Robinsod released the open-source schematics, sources and details to make your own PIC interface needed to perform the ‘Timing Attack’ that will allow you to boot the 1888 ‘base kernel’ on your Xbox 360 even if you have burned fuses (and don’t know your CPU Key) … once booted to that kernel you will be able to update to an exploitable kernel. If you don’t have the knowledge or tools to do this yourself, Robinsod says that Team Infectus is already hard at work designing a daughterboard for the their Infectus Modchip.

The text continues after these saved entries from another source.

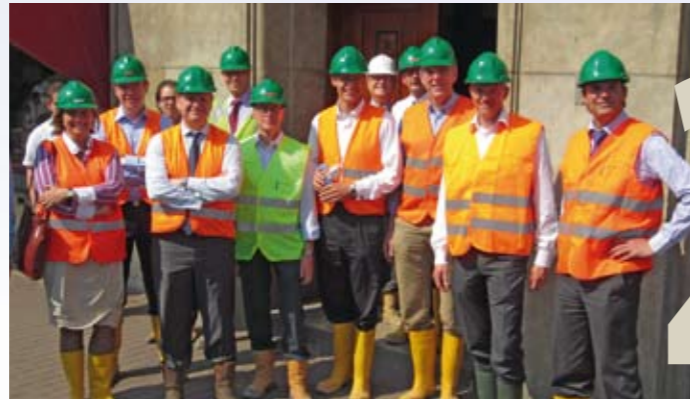
Programmaraad op bezoek bij de Noord/Zuidlijn in Amsterdam.
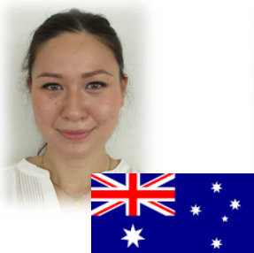
オーストラリア出身
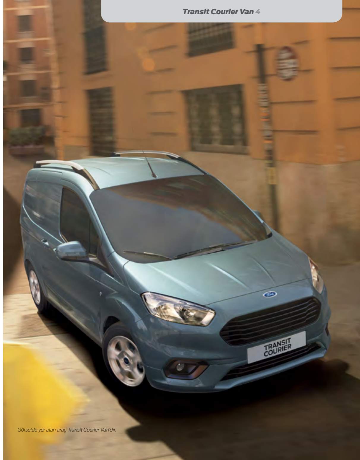
Görselde yer alan araç Transit Courier Van'dir.

The software required for this ‘Timing Attack’ is currently in final phase of testing and will be released soon.
From Robinsod on XBH:
The timing attack is working well now, the software has been released for testing and if no major problems are found then it will be available at the end of the week. The first release will require an Infectus modchip and a “home made” PIC interface. I thought I would release the details of the PIC today to give people a chance to order parts, build and test the hardware.

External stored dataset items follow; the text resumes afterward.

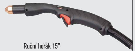
Ruční hořák 15°
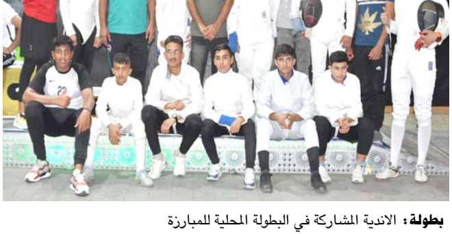
بطولة: الاندية المشاركة في البطولة المحلية للمبارزة
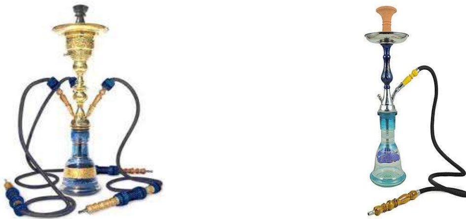
Figura 7: Pipa de agua

Se trata de una especie de jarrón con una cazoleta, un cuerpo de metal, una manguera y un recipiente de agua (figura 7). Su forma de funcionar es por la combustión del carbón sobre el tabaco cubierto con papel aluminio. El humo se produce a medida que se va calentando el tabaco. Posteriormente este humo pasa por el agua para enfriarse antes de que la persona inhale 2 .

Schematic (horrible, hand drawn & scanned): here
Parts List:
IC1 LM339
IC2 LM339
IC3 74HC08
IC4 PIC16F876A 20MHz
IC5 MAX232 or equivalent
1 * LED
1 * 20MHz Crystal
16 * 1K 0.25W 5%
1 * 10K 0.25W 5%
1 * 680R 0.25W 5%
1 * 330R 0.25W 5%
1 * 5K6 0.25W 5%
2 * 22pF Ceramic Cap
9 * 100nF Ceramic Cap
Please note, 100nF decoupling caps across every ICs power supply pins seems to reduce the noise on the power supply and VRef lines. Reduced noise = Less jitter in the timing measurements which is a good thing
PIC Boot Loader, got this from Microchip site, repeated here for you convenience: here
PIC Source (build with CCSC PCW) & Precompiled Binary: here (update: fixed version)
Document: here
Tomorrow I will release the tool that will build downgradable flash images. Hopefully by then the 2.0.1888 file set will be available in “the usual places”.